I’ve spent a weird amount of time in Nassau, the capital, on the island of New Providence, owing to my father being partnered in a timeshare there, a venue for family summits going on 20 years now. We come for the food and the fishing. Spiny lobster — called “crawfish” in the Bahamas — is a clawless, warm-water species with a tail as fat as a beer keg but far tastier, and can be speared by the dozens in their underwater lairs. Conch, an improbably delicious mollusk that’s eaten every conceivable way in these islands — grilled, steamed, “cracked” (deep fried), stewed, chowdered, frittered, and chopped raw in conch salad (the local ceviche) — abound on the seafloor.

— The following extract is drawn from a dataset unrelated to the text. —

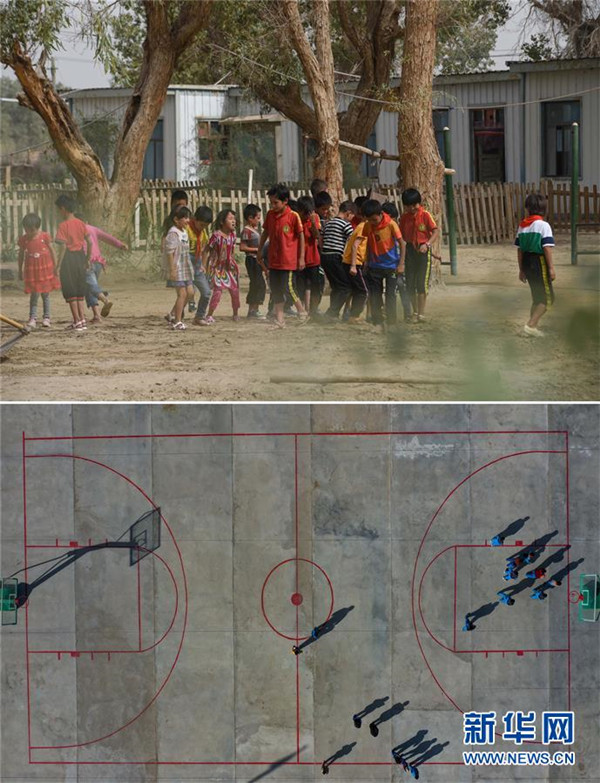 拼版照片:上圖為學(xué)生利用課間時間在平整易地扶貧搬遷前的校園操場(2018年9月6日攝);下圖為學(xué)生們在于田縣達(dá)里雅布依鄉(xiāng)易地扶貧搬遷安置點的水泥操場上打籃球(2019年11月19日無人機(jī)拍攝)。新華社記者胡虎虎攝

That alone is enough to keep us coming back. But I should also mention the white-sand beaches, the startling blue sea, the red powder-puff and silvertop palms lining the streets, and a comically uncoordinated bird called the smooth-billed ani, which, when landing in a wind, will go tumbling in a ball of feathers. The 340 sunny days a year don’t hurt. Neither does the water temperature that almost never falls below 71 degrees. A population of 340,000 spread out over a 5,383-square-mile archipelago of idyllic islands and pristine cays makes convalescing from the winter office grind totally effortless. The Bahamas has been good to me over the years, is what I’m saying, even if I haven’t always returned the favor.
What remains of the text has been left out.